Throughout his distinguished career, Philip Brett wrote about the music of the Tudor period. He carried out pathbreaking work on the life and music of William Byrd (c.1540-1623), both as an editor and a historian. He also studied other composers working during the period, including John Taverner, Thomas Tallis, Orlando Gibbons, and Thomas Weelkes. Collecting these influential essays together for the first time, this volume is a tribute to Brett's agile mind and to his incomparable skill at synthesizing history and musical analysis.
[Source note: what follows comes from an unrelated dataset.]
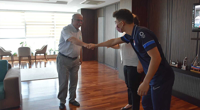 Özellikle gençlerin, sporun da aralarında bulunduğu çeşitli branşlardaki başarılarından büyük bir gurur ve mutluluk duyduğunu belirten Başkan Gökhan, “Gençlere güvenimiz ve desteğimiz tam” dedi. Başkan Gökhan, Oğuz Uyar’a hediye takdiminde de bulunarak hem kendisini hem de antrenörü Vijdan Berberoğlu’nu başarılarından dolayı tebrik etti. Ziyaret, olimpiyat süreci ve güncel konulara ilişkin sohbet ile son buldu.
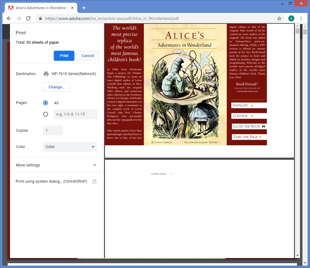 Is there a way to "Print Current View" when using the adobe plug in on google chrome?

Byrd was a prominent court composer, but also a Catholic. Besides important instrumental music and English songs, he wrote a great deal of sacred music, some for his Protestant patrons, and some for his fellow Catholics who celebrated mass in secret. Ranging from the report of Brett's findings on the Paston manuscripts, an unpublished round-table paper that he delivered a few months before his untimely death, to his monograph-length study of Byrd's magnum opus, Gradualia, the essays collected here consider both sacred and secular music, and vocal and instrumental traditions, providing an intimate glimpse into what was unique about Byrd and his music. Elegantly written, with the particular brilliance for which Brett was known, this book opens a fascinating window onto one of the most fruitful periods of English musical history.


Brett Philip :

Philip Brett (1937-2002) was Distinguished Professor of Musicology at the University of California, Los Angeles. In addition to dozens of scholarly editions of English Renaissance music and pioneering articles in a wide variety of fields, he is author of Benjamin Britten: Peter Grimes and coeditor of Queering the Pitch: The New Gay and Lesbian Musicology, Cruising the Performative: Interventions into the Representation of Ethnicity, Nationality, and Sexuality, and Decomposition: Post-Disciplinary Performance . Joseph Kerman is Professor Emeritus of Music and Davitt Moroney is Professor of Music and University Organist at the University of California, Berkeley.